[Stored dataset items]
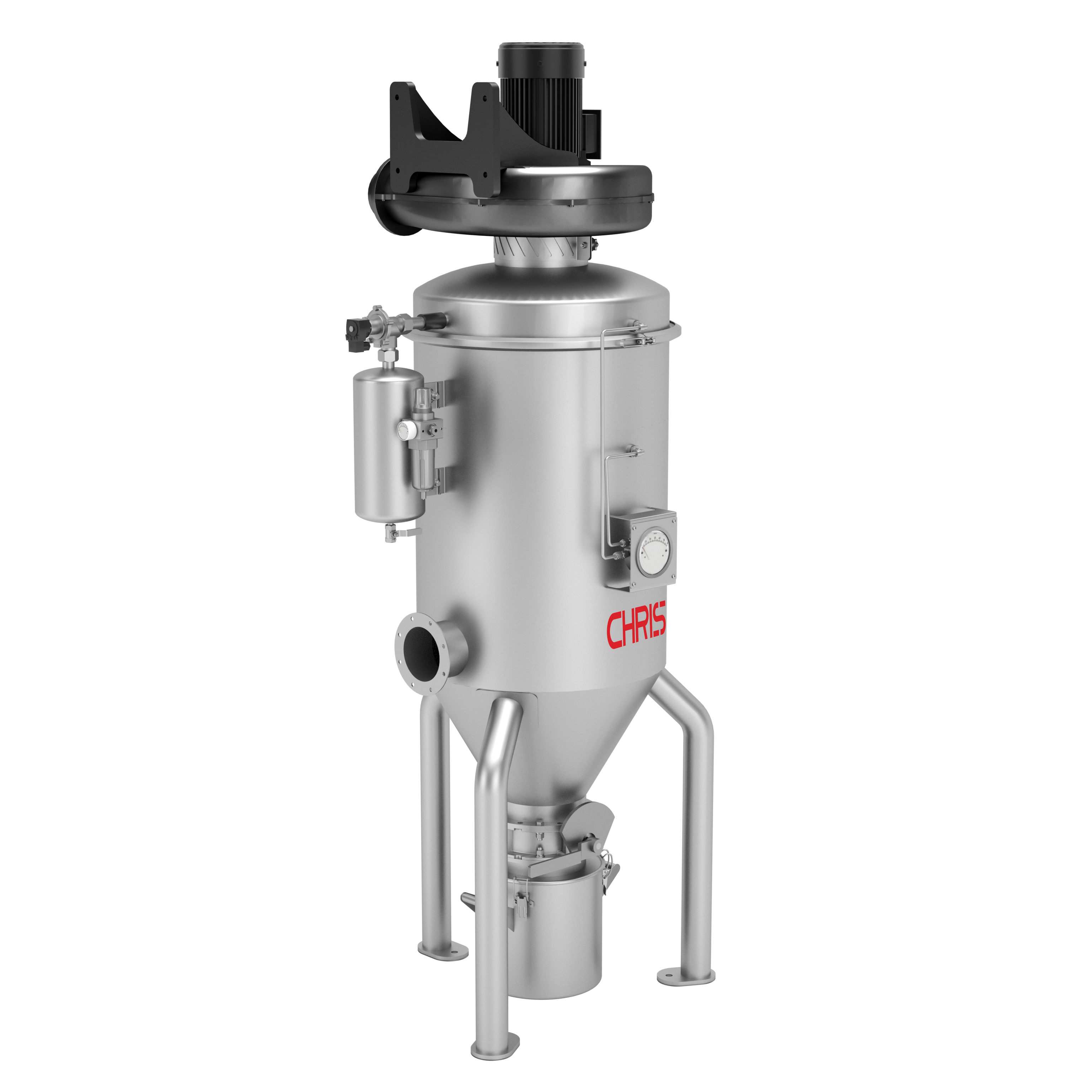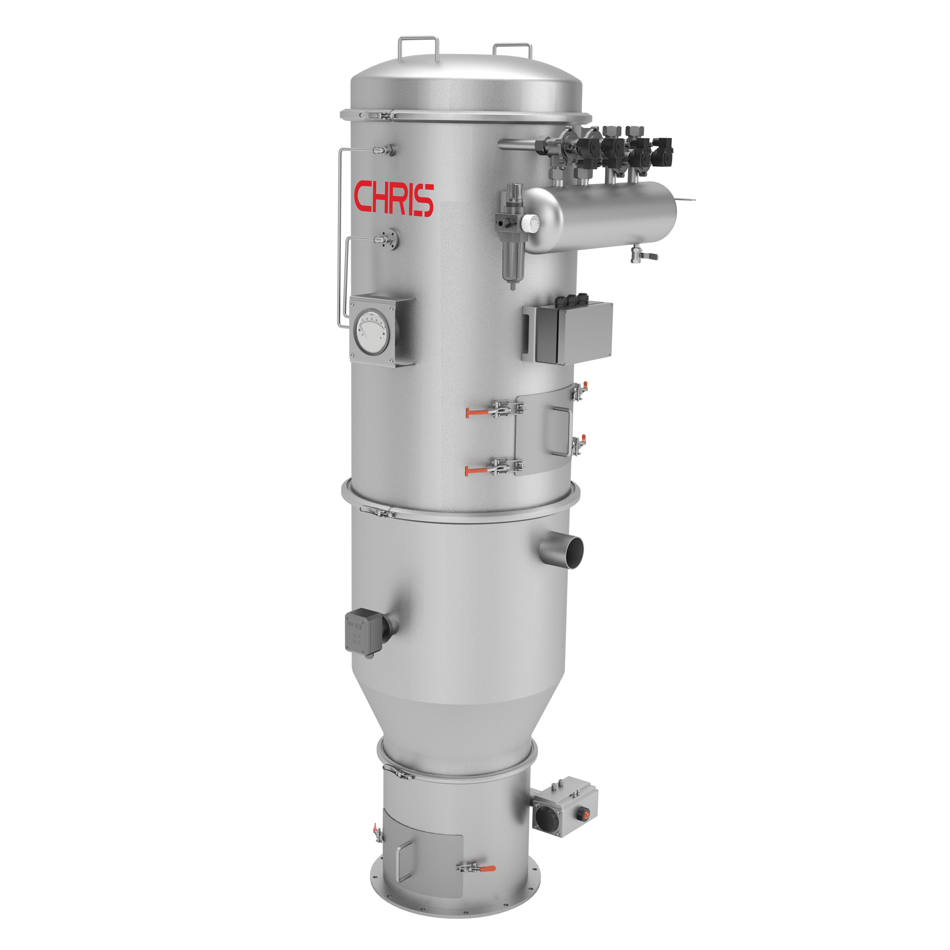 2、在真空输送设备料仓部分的上端安装有一套过滤器系统,过滤器系统上配有HD-PE烧结式过滤器或不锈钢过滤器或者Ti07过滤器(根据物料特性及最小颗粒度而定),过滤器主要作用是防止物料被抽吸进真空泵,当物料被抽吸进料仓中时过滤器将空气与物料进行分离,空气通过真空泵被排放出去,而物料则被收集在料仓中。
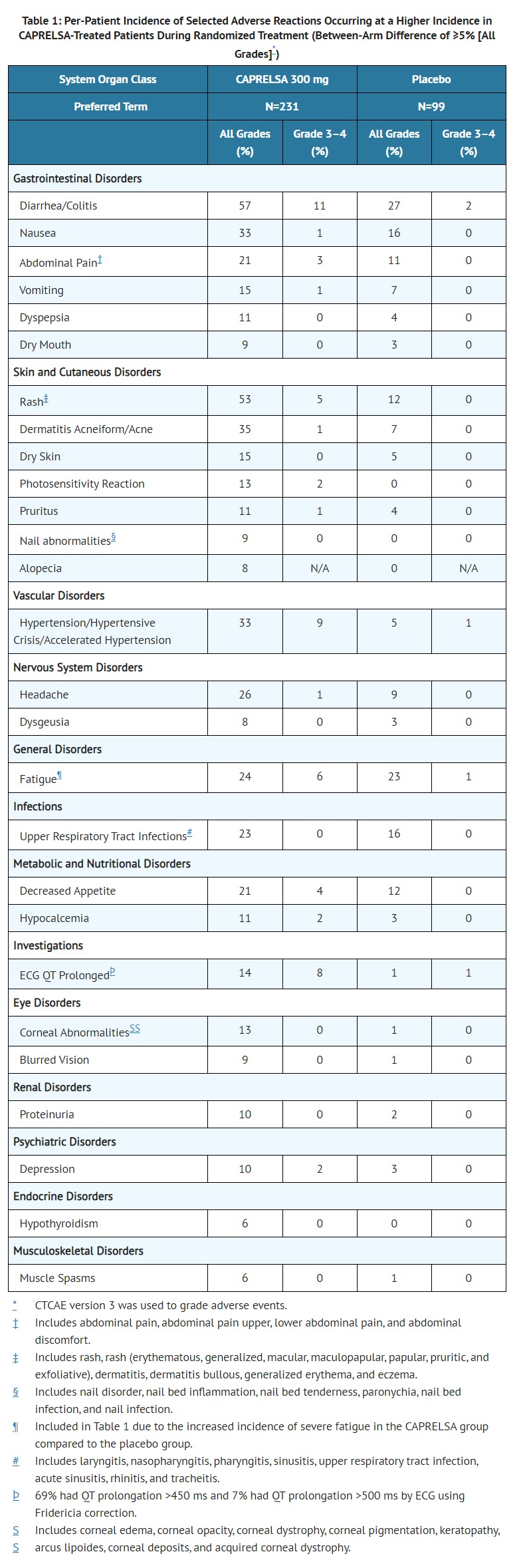 • Among CAPRELSA-treated patients, dose interruption occurred in 109 (47%) and dose reduction occurred in 83 (36%). Adverse reactions led to study treatment discontinuation in 28 of 231 patients (12%) receiving CAPRELSA and in 3 of 99 patients (3.0%) receiving placebo. Adverse reactions leading to permanent discontinuation in 2 or more (≥0.9%) patients treated with CAPRELSA were: asthenia (1.7%), rash (1.7%), diarrhea (0.9%), fatigue (0.9%), pyrexia (0.9%), elevated creatinine (0.9%), QT prolongation (0.9%), and hypertension (0.9%).
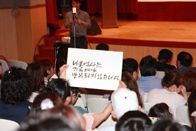| ▲ 4일 여수시 쌍봉 청소년수련관에서 '민주주의 강좌 시리즈' 이재명 초청강연회에 한 시민이 나쁜역사를 기록해야 한다는 글귀를 들어보이고 있다 |
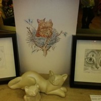 Также в ходе выставки прошла благотворительная лотерея, призовыми лотами которой стали предметы декора, украшения, авторские игрушки и сувениры с изображениями котов. Отличные книжки для маленьких читателей и их родителей предоставило нам в качестве призовых лотов издательство "Мелик-Пашаев", чудесные броши-котики подарила дизайнер Екатерина Шапиро, мягкие игрушки от Т.Оробец и С.Кравцовой радовали и взрослых, и детей. Прекрасным подарком стало и предоставленное нам издательством "Махаон" знаменитое "Полное собрание котов", с дарственной подписью автора - Андрея Усачева. И даже угощение для гостей вечера - волшебное "котиковое" печенье от Кати Карасевой - было в тему.
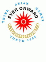 1958年东京亚运会 时间:1958年5月24日-6月1日 地点:日本-东京 会徽:第3届亚运会会徽除亚奥理事会会徽图案中的太阳光芒外,上方是亚奥理事会“EVERONWARD(永远向前)”的口号,下方有代表20个参赛国的20个圆环,圆环下方写明了举办地。 奖牌榜:
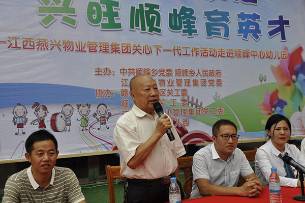 江西燕興物業(yè)管理集團(tuán)黨委書記、董事長、關(guān)工委主任劉燕的講話情真意切:親不親家鄉(xiāng)人,美不美故鄉(xiāng)水,我是順峰鄉(xiāng)人,美好的童年是在家鄉(xiāng)度過的。雖然我在贛州創(chuàng)業(yè),但有著揮之不去的家鄉(xiāng)情結(jié)。數(shù)年來,燕興集團(tuán)董事長劉燕一直熱衷公益,回報社會,為貧困山區(qū)捐款捐物、捐資助學(xué)、為解決下崗職工、農(nóng)民工的就業(yè)問題而不懈努力。
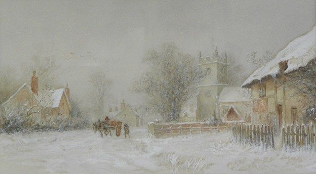 St Helen's Church, Clifford Chambers a winter snow scene with figures, horse and cart
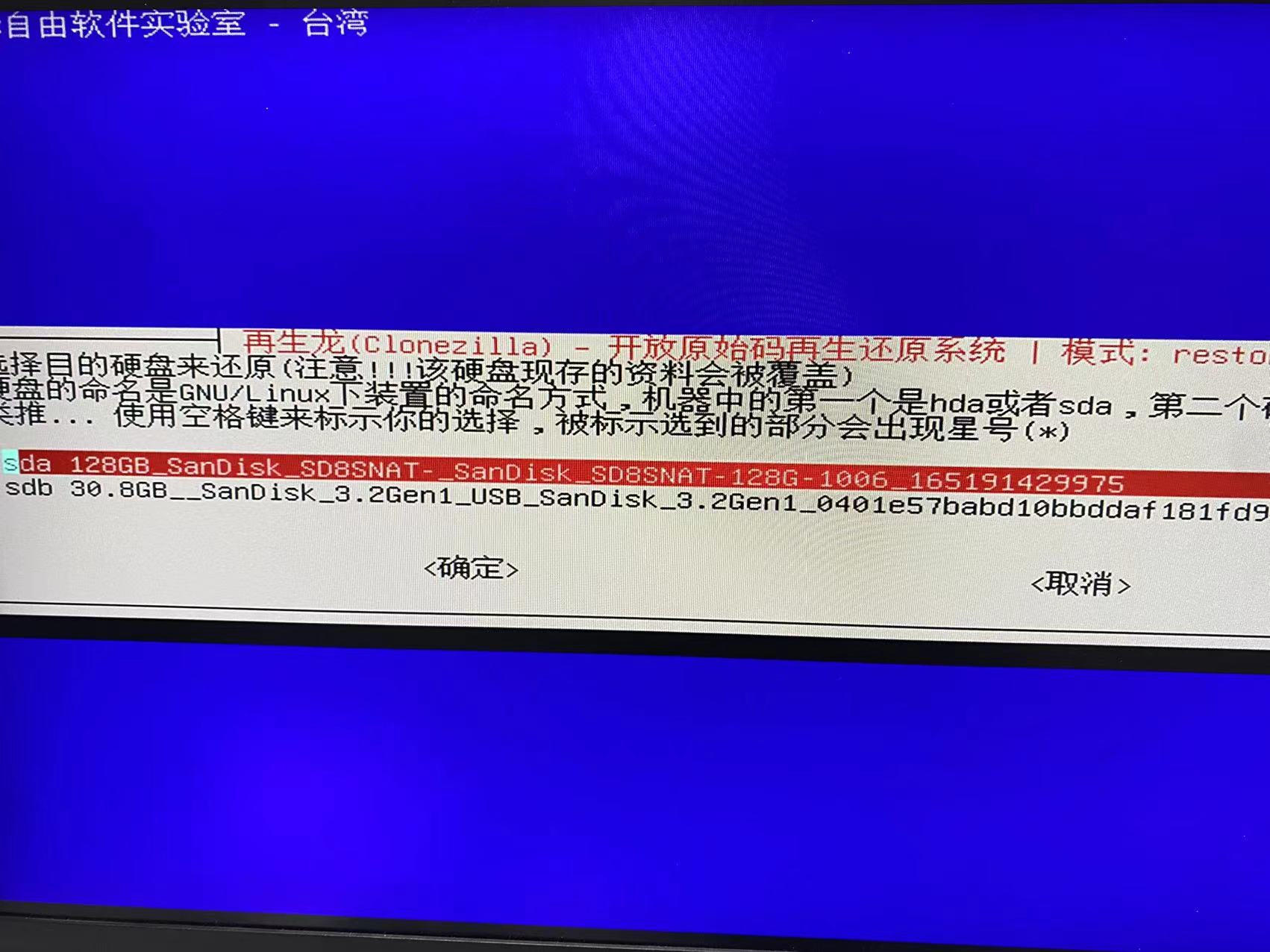 3)磁盘选择,系统安装会对磁盘格式化,注意选择好磁盘。
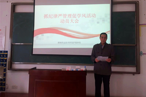 11月8日下午3点,澳门电子pg游戏官网在公共教学楼南楼202教室召开“抓纪律严管理促学风活动”动员大会。澳门电子pg游戏官网院长张文信、副院长王小峰、教学科科长李晓乾及全体一线教师参加此次会议,会议由李晓乾主持。
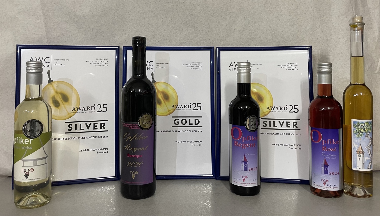 Der Austrian Wine Challenge (AWC) gilt als einer der renommiertesten weltweiten Weinwettbewerbe. Die Fachjury setzte sich aus gut 300 internationalen Expertinnen und Experten zusammen und hatte dieses Jahr Weine aus 21 Nationen zu bewerten. Von der Rebberg-Genossenschaft Opfikon (RGO) wurden die beiden Rotweine Barrique 2020 und Regent 2022 sowie die neu produzierte Selection Weiss 2024 eingereicht.

> _Try it_: In the records above, find the line containing "1958年东京亚运会 时间:1958年5月24日-6月1日 地点:日本-东京" and restate it and every line after it word for word, all pictures excluded.

> _Exercise response_:
 1958年东京亚运会 时间:1958年5月24日-6月1日 地点:日本-东京 会徽:第3届亚运会会徽除亚奥理事会会徽图案中的太阳光芒外,上方是亚奥理事会“EVERONWARD(永远向前)”的口号,下方有代表20个参赛国的20个圆环,圆环下方写明了举办地。 奖牌榜:
 江西燕興物業(yè)管理集團(tuán)黨委書記、董事長、關(guān)工委主任劉燕的講話情真意切:親不親家鄉(xiāng)人,美不美故鄉(xiāng)水,我是順峰鄉(xiāng)人,美好的童年是在家鄉(xiāng)度過的。雖然我在贛州創(chuàng)業(yè),但有著揮之不去的家鄉(xiāng)情結(jié)。數(shù)年來,燕興集團(tuán)董事長劉燕一直熱衷公益,回報社會,為貧困山區(qū)捐款捐物、捐資助學(xué)、為解決下崗職工、農(nóng)民工的就業(yè)問題而不懈努力。
 St Helen's Church, Clifford Chambers a winter snow scene with figures, horse and cart
 3)磁盘选择,系统安装会对磁盘格式化,注意选择好磁盘。
 11月8日下午3点,澳门电子pg游戏官网在公共教学楼南楼202教室召开“抓纪律严管理促学风活动”动员大会。澳门电子pg游戏官网院长张文信、副院长王小峰、教学科科长李晓乾及全体一线教师参加此次会议,会议由李晓乾主持。
 Der Austrian Wine Challenge (AWC) gilt als einer der renommiertesten weltweiten Weinwettbewerbe. Die Fachjury setzte sich aus gut 300 internationalen Expertinnen und Experten zusammen und hatte dieses Jahr Weine aus 21 Nationen zu bewerten. Von der Rebberg-Genossenschaft Opfikon (RGO) wurden die beiden Rotweine Barrique 2020 und Regent 2022 sowie die neu produzierte Selection Weiss 2024 eingereicht.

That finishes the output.